Wow guys! Thank you for your help I really do appreciate it. I am amazed how nice everyone is! I'll let you know what happens!


----------



## spirit wings (Mar 29, 2008)

sunshine59 said:


> Hello,
> I have a lot of experience taking care of birds. This summer I volunteered at a wild bird rehabilitation center. I grew to love pigions and I think it would be so cool to have one as a pet. I would give him/her a very loving home!
> please contact me by email: [email protected]
> 
> ...


also you may want to look over the adoption thread here, there has been special needs pigeons that need homes from time to time, but you may have to be more open minded about shipping as I have seen it get pigeons to caring people that gave them a wonderful life...one I remember was 24 pigeons i think, and they had to be shipped and made the trip just fine


----------



## Charis (Feb 11, 2007)

I did give your email to someone in Colorado that has a baby. I hope you hear form her. I think you are about 3 hours apart.
I do understand how you feel about mailing birds. I have serious reservations about it as well. Many birds are mailed without apparent harm. We have also heard of birds this year that didn't survive their journey and others that were lost and some perished.There definitely are risks. Once they are with the postal service, they are out of our control.


----------



## spirit wings (Mar 29, 2008)

Oh I remember now it was the WI 24 that were resued by Robin and shipped, very nice ending for those pidjies, and shipping made it possible.


----------



## Charis (Feb 11, 2007)

spirit wings said:


> Oh I remember now it was the WI 24 that were resued by Robin and shipped, very nice ending for those pidjies, and shipping made it possible.

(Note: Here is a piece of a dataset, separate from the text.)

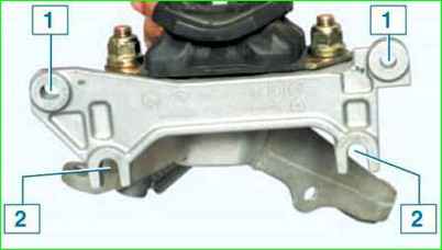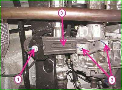 Снятие задней опоры подвески двигателя: 1 - болт крепления задней опоры подвески двигателя к подрамнику передней подвески; 2 - болт крепления задней опоры подвески двигателя к коробке передач; 3 - задняя опора подвески двигателя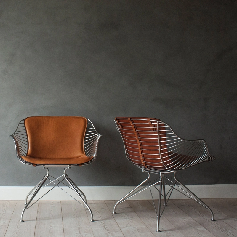 Editée par Overgaard & Dyrman, Wire est une collection de sièges qui tire son inspiration de la fabrication traditionnelle de selles pour chevaux et du travail du métal, et explore les contrastes entre ces deux matériaux nobles. Le fauteuil lounge Wire est composé d’une structure en acier, disponible en finition chrome satiné ou époxy noir, et d’une assise en cuir aniline, doté d’une texture naturelle qui se patine joliment avec le temps. Ce siège design se démarque par l’équilibre parfait entre fonctionnalité, ergonomie et artisanat. La collection Wire est fabriquée au Danemark par des artisans qualifiés et dévoués, qui maîtrisent un savoir-faire remarquable dans toutes les étapes de production.

That's right. Those Pigeons were shipped within state.
There are many other happy endings. I just wanted to be honest that there are some unhappy ones too and that her worries are valid. If shipping worries her, she needs to adopt a bird that isn't shipped and I think we need to honor the way she feels.


----------



## spirit wings (Mar 29, 2008)

Charis said:


> That's right. Those Pigeons were shipped within state.
> There are many other happy endings. I just wanted to be honest that there are some unhappy ones too and that her worries are valid. If shipping worries her, she needs to adopt a bird that isn't shipped and I think we need to honor the way she feels.


Im not going to debate with you about shipping....my post was for sunshine, and thought I would add my recoverd memory of the ones saved, that is all I was doing, I resect others points of view....this was mine


----------



## Charis (Feb 11, 2007)

spirit wings said:


> Im not going to debate with you about shipping....my post was for sunshine, and thought I would add my recoverd memory of the ones saved, that is all I was doing, I resect others points of view....this was mine


I don't want to debate with you either...that was my view as well.


----------